:: Supplied records ::
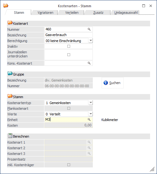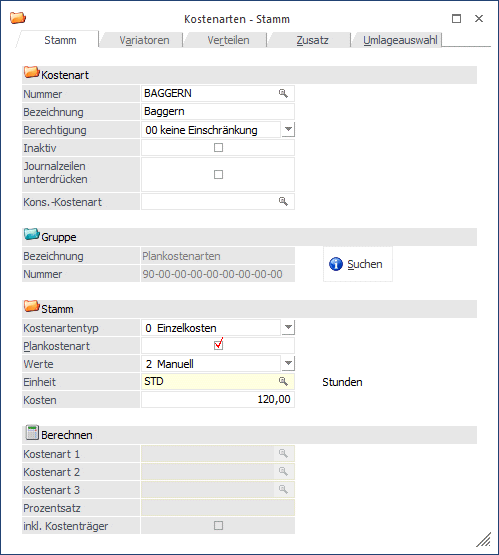 Beim Berechnen einer Kostenart kann auch optional der
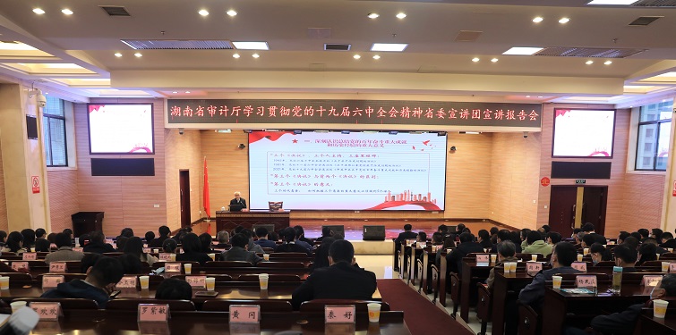 12月16日上午,学习贯彻党的十九届六中全会精神省委宣讲团在省审计厅举行宣讲报告会,省委宣讲团成员、省社科院党组成员、副院长贺培育作宣讲报告。省审计厅党组书记、厅长胡章胜主持会议并讲话,省审计厅全体干部职工聆听了报告。
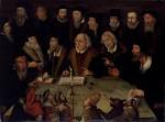 The dark-toned painting past an unknown artist depicts Martin Luther, head of the Protestant Reformation, surrounded by more than a dozen other Reformation figures, including John Calvin and Theodore Beze. [20] Grünewald'southward paintings rely on northern art, literature, and reformation theology for inspiration. [13] The Northern painters in general moving away from depicting biblical scenes and turned to painting ordinary people in a commonplace setting tin exist inferred to have been influenced by the Protestant- Reformation. [11]
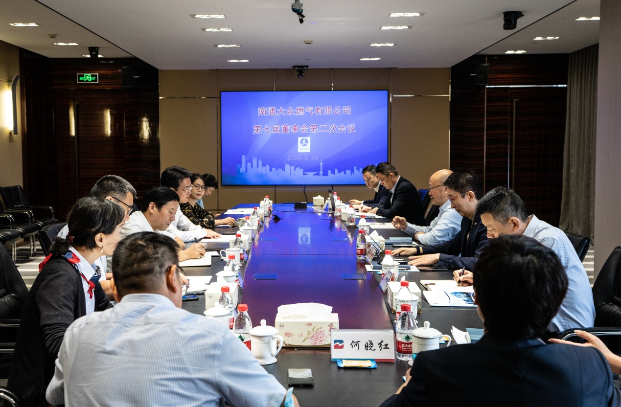 2022年9月24日上午,南通大眾燃氣有限公司在上海大眾大廈21樓第一會議室召開了第七屆董事會第二次會議。大眾公用集團董事長楊國平,執(zhí)行董事、總裁梁嘉瑋出席了會議。會議由集團執(zhí)行董事、南通大眾燃氣董事長汪寶平主持,南通城市建設(shè)集團董事長張建中、副總經(jīng)理宋蕓蕓、南通市市政和園林局黨組成員徐訓(xùn)國,及南通大眾燃氣全體董監(jiān)事成員出席了會議。
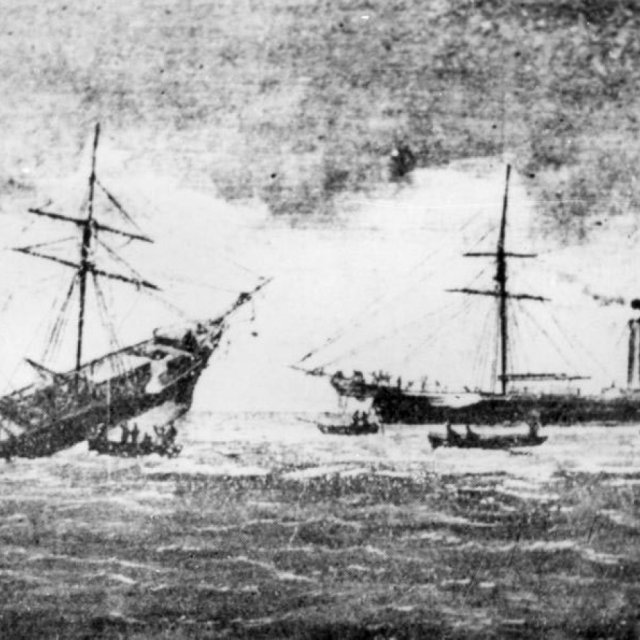 There is an artists impression of the collision in our gallery and is held by John Oxley Library, State Library of Queensland., Public Domain, https://commons.wikimedia.org/w/index.php?curid=14443341
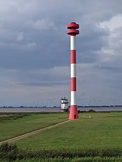 Das 24 m hohe Unterfeuer ist 2460 m vom Oberfeuer entfernt und steht im Watt. Beide Türme bilden eine Richtfeuerlinie von rechtweisend 81°.
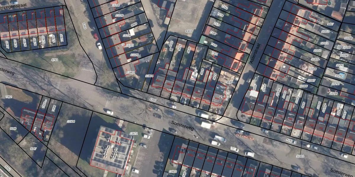 Gebruik de zoekbalk of klik op een perceel voor informatie over de adressen binnen dit perceel.
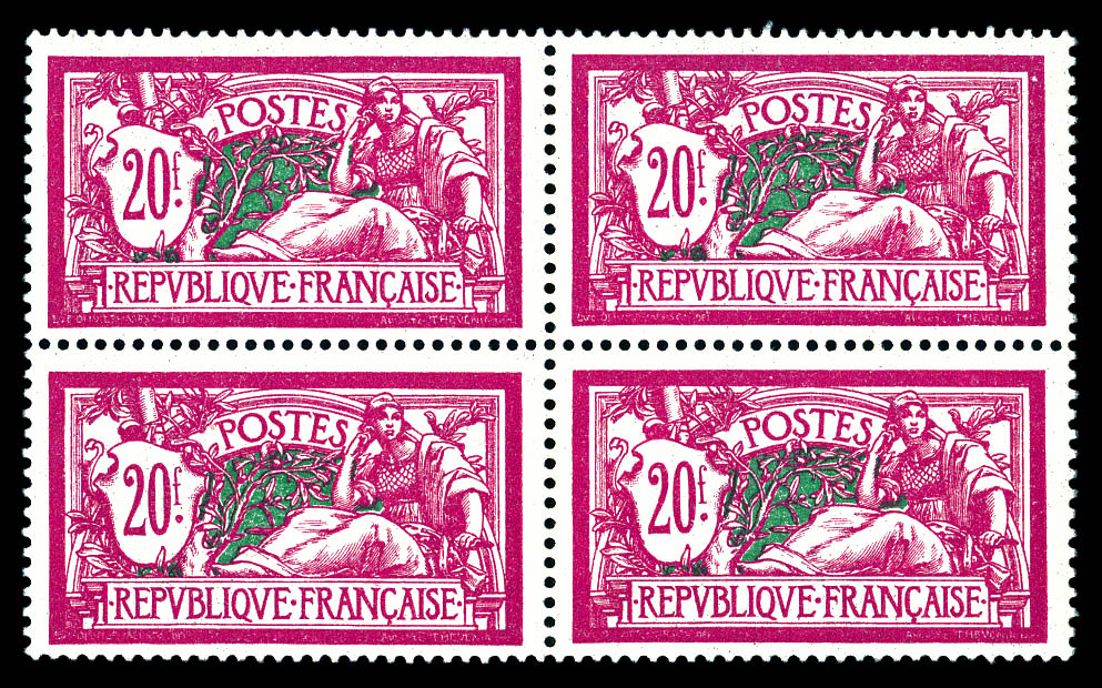 N°208, 20f Merson en bloc de quatre, très bon centrage. SUP (certificat) Qualité: ** Cote: 3600 euros (Image)
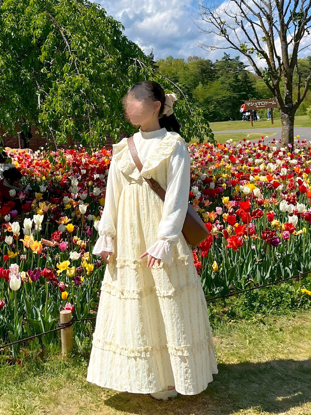 このワンピースでチューリップ畑に行きたかった…!念願!🌷 昔買ったセットアップについてたブラウスがぴったりだった◎
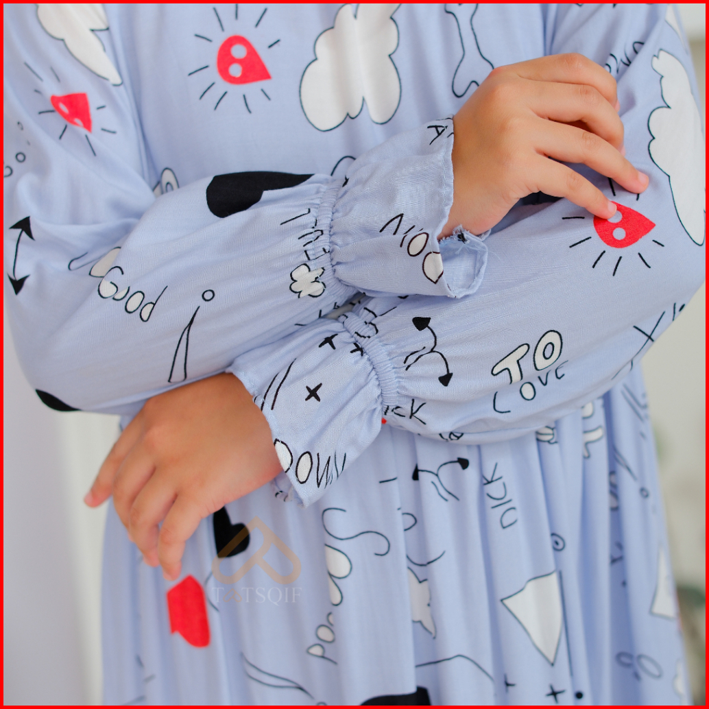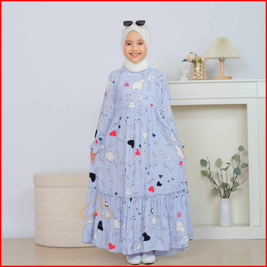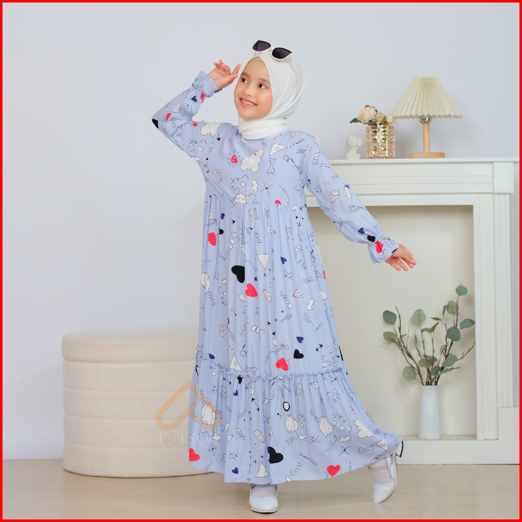 Tatsqif Gamis Dress Anak Usia 3-12 Tahun Quality Syari Perempuan Motif Full Love Rayon
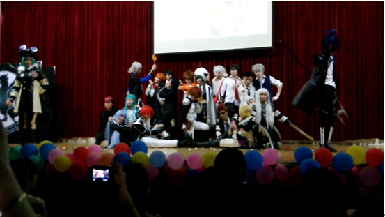 动漫社成员一到达目的地就立刻忙碌起来,进行表演前的各项准备,争取把最好的一面展现给大家。伴随着阵阵音乐,cosplay舞台剧正式拉开帷幕。舞台上同学们绘声绘色的表演,得到了观众们的阵阵掌声,更是将晚会的气氛带向了高潮。 此次晚会,让彼岸动漫社走出了文达,走向了更大的舞台,加强了校际间的交流,使动漫社的同学们的表演技巧得到了很大的提升。
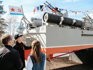 Первый заместитель председателя облдумы, секретарь регионального отделения «Единой России» Андрей Артюхов напомнил историю создания мемориал: «В конце 2017 года ветераны судостроительного завода обратились в общественную приёмную партии «Единой России» с просьбой создать в Тюмени памятник торпедному катеру. Памятник должен был олицетворить подвиг заводчан, которые в тяжелейших условиях строили эти катера, и военным морякам, доблестно сражавшимся на них. Было принято решение, что проект, связанный с изготовлением катера, возьмёт на себя наше региональное отделение, а сквер благоустроит город. 22 октября 2018 года памятник торжественно открыли. Теперь в сквере около катера проходят торжественные и памятные патриотические мероприятия».
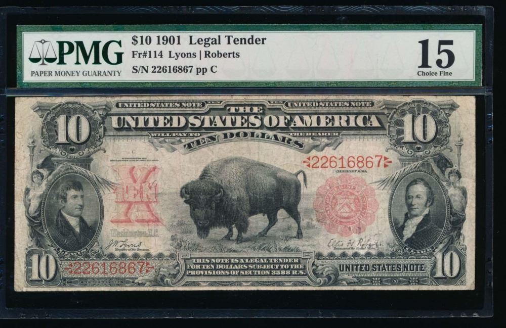 One 1901 $10 Bison Legal Tender Note PMG 15.
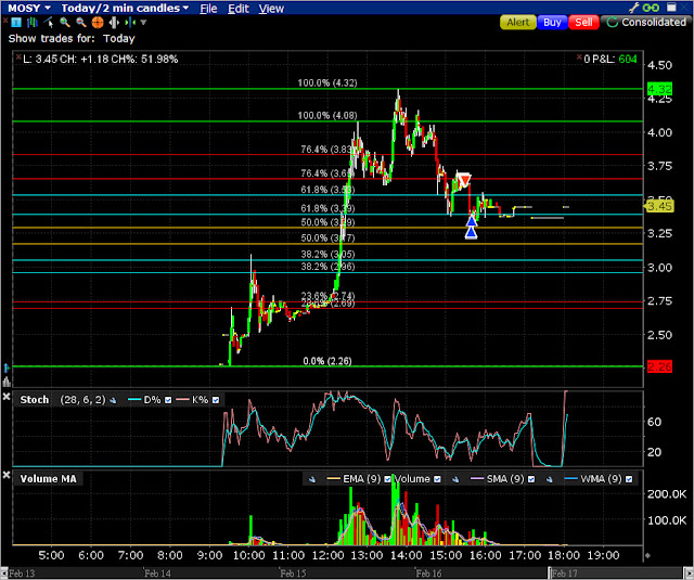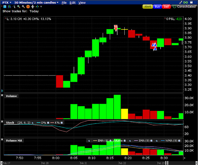 Here’s a stock I traded 3 days ago on February 23rd, 2017 during premarket hours. It’s a stock I’m very familiar with and it had surged on strong premarket volume. As you can see from the red triangles, I short sold into the 3.90’s and then I covered around 3.70’s for a nice 4% gain.
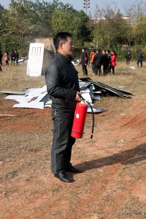 消防灭火训练现场,训练总教官盛正军老师为参加训练人员进行消防知识讲解,详细讲述了灭火器的种类、灭火时要注意的安全细节、如何正确规范使用灭火器、以及人员紧急疏散注意事项、宿舍怎样预防火灾等校园消防安全常识。盛老师一边讲解一边在点燃的干木堆上为大家示范如何操作灭火器。现场师生人手一个灭火器,根据盛老师所讲的灭火要点进行操作,不到几分钟,熊熊烈火基本被扑灭。
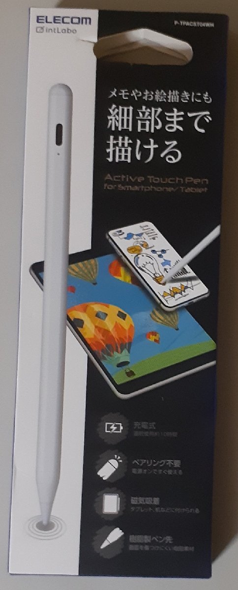 - 5964 P-TPACST04 ELECOM 汎用タッチペン(充電式) 幅広いスマートフォン・タブレットに対応!USB Type-Cで充電可能なアクティブタッチペン
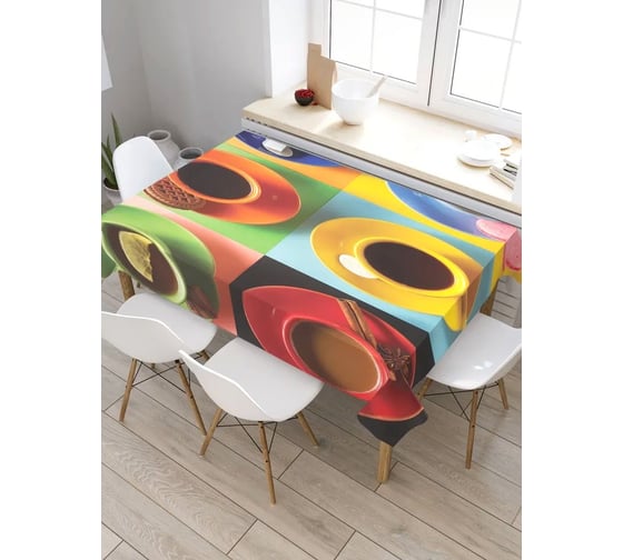 Скатерть прямоугольная из сатена JOYARTY Цветные чашки tc_29939_120x145
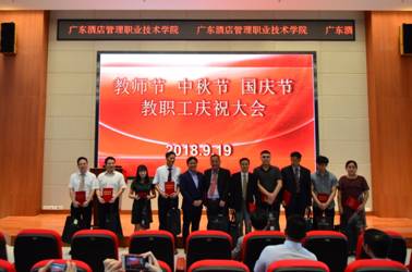 接下来,校董会领导为服务广酒满两周年20位教工和2017-2018年优秀教职工颁奖及合影留念。
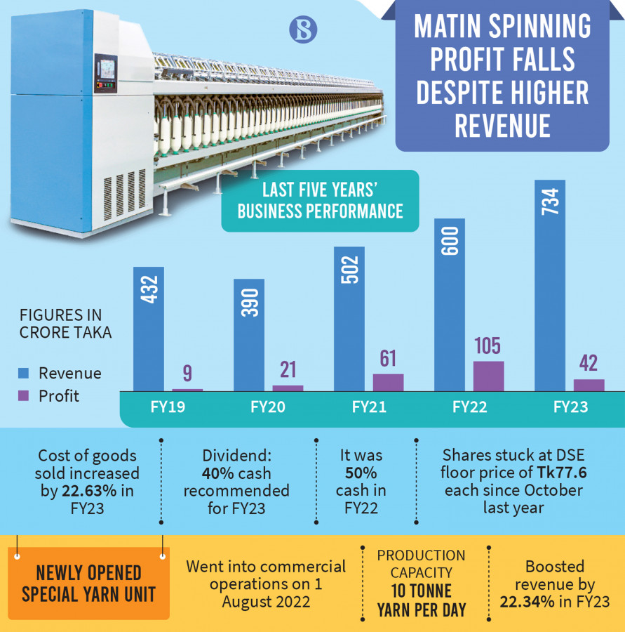 Matin Spinning Mills' year-on-year profit for fiscal 2022-23 declined by 59% to Tk42.71 crore due to cheaper yarn and the rising costs caused by the appreciation of the dollar against the taka.
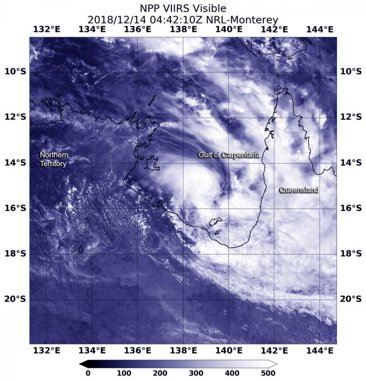 image: NASA-NOAA's Suomi NPP satellite passed over the Southern Pacific Ocean and captured a visible image of Tropical Cyclone Owen moving through Australia's Gulf of Carpentaria.
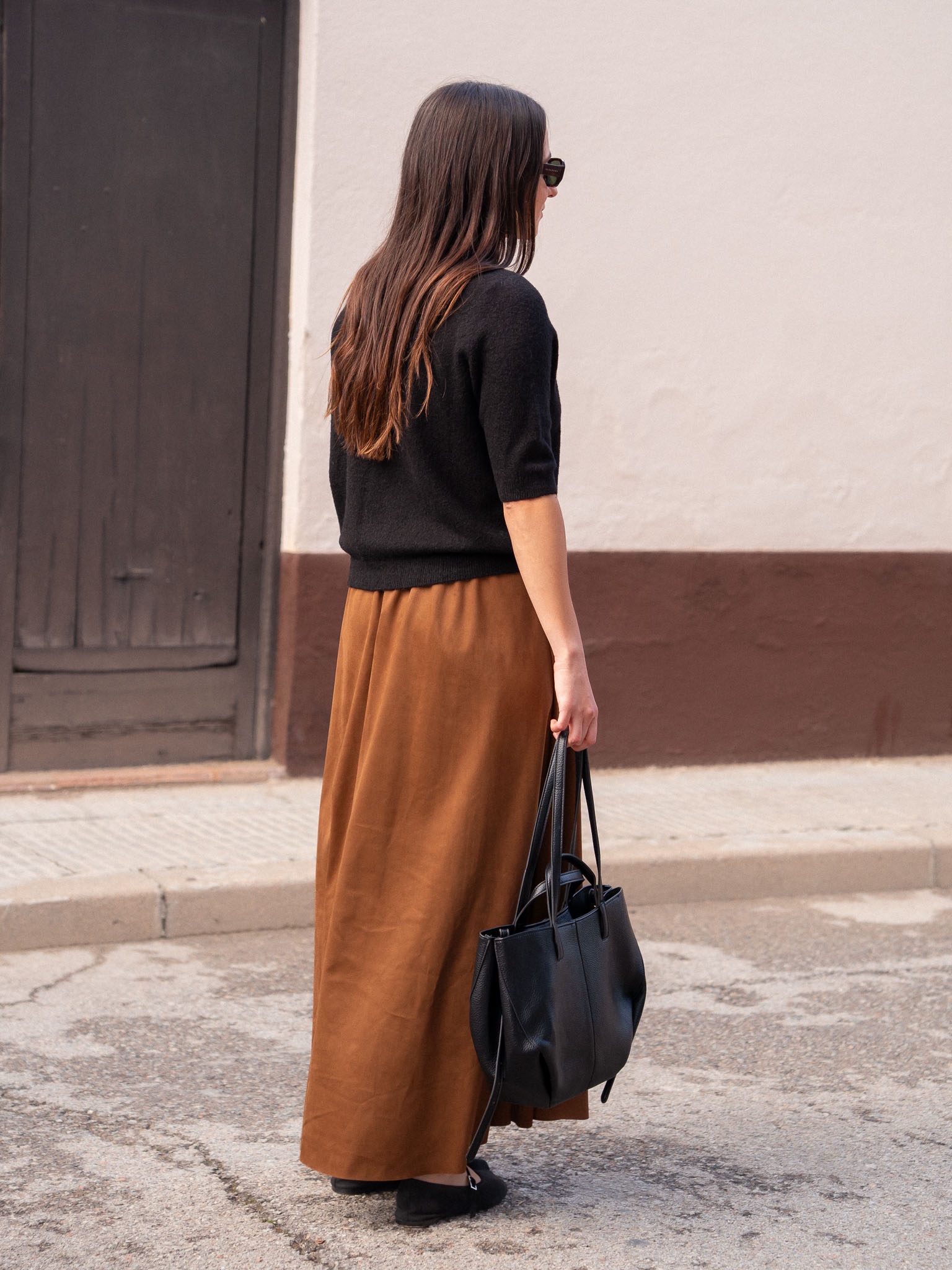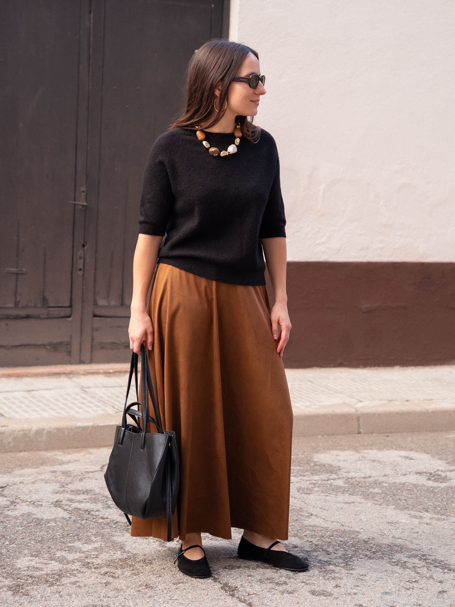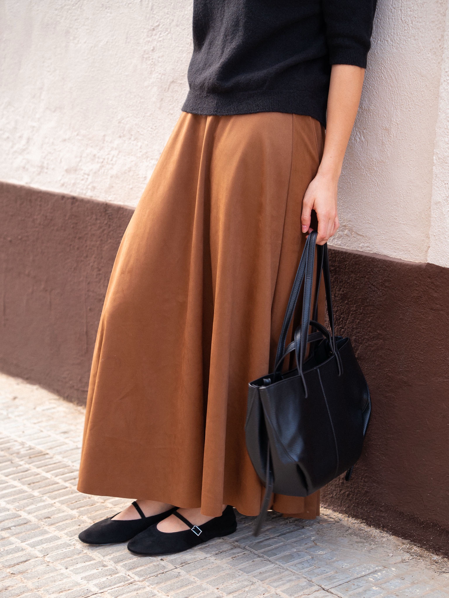 Falda larga de corte evasé. Confeccionada en antelina.
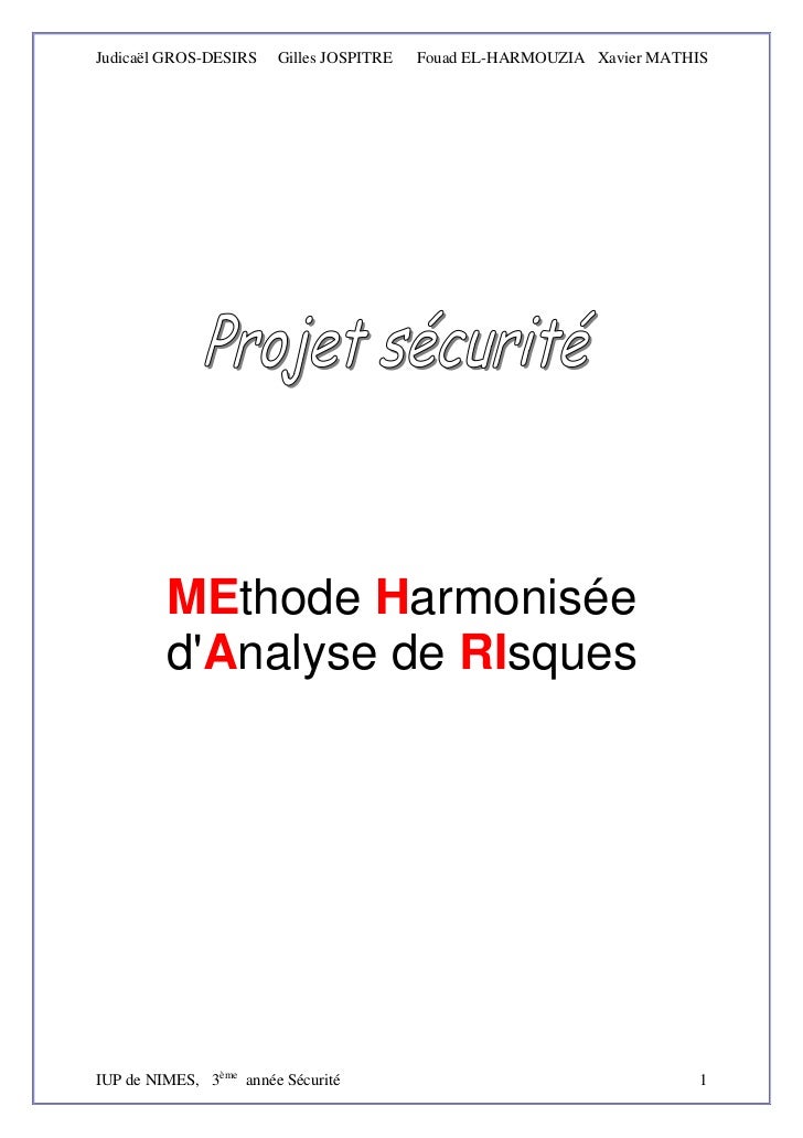 Judicael Gros Desirs Gilles Jospitre Fouad El Harmouzia Xavier Mathis Methode Harmonisee D Analyse De Risques Iup De Nimes 3 Eme Annee Securite 1 Pdf Telechargement Gratuit

:: Task prompt ::
Everything from the line with "Скатерть прямоугольная из" down to the line with "Falda larga de" in the data above should be copied exactly, with both end lines kept and the pictures left out.

:: Response area ::
 Скатерть прямоугольная из сатена JOYARTY Цветные чашки tc_29939_120x145
 接下来,校董会领导为服务广酒满两周年20位教工和2017-2018年优秀教职工颁奖及合影留念。
 Matin Spinning Mills' year-on-year profit for fiscal 2022-23 declined by 59% to Tk42.71 crore due to cheaper yarn and the rising costs caused by the appreciation of the dollar against the taka.
 image: NASA-NOAA's Suomi NPP satellite passed over the Southern Pacific Ocean and captured a visible image of Tropical Cyclone Owen moving through Australia's Gulf of Carpentaria.
 Falda larga de corte evasé. Confeccionada en antelina.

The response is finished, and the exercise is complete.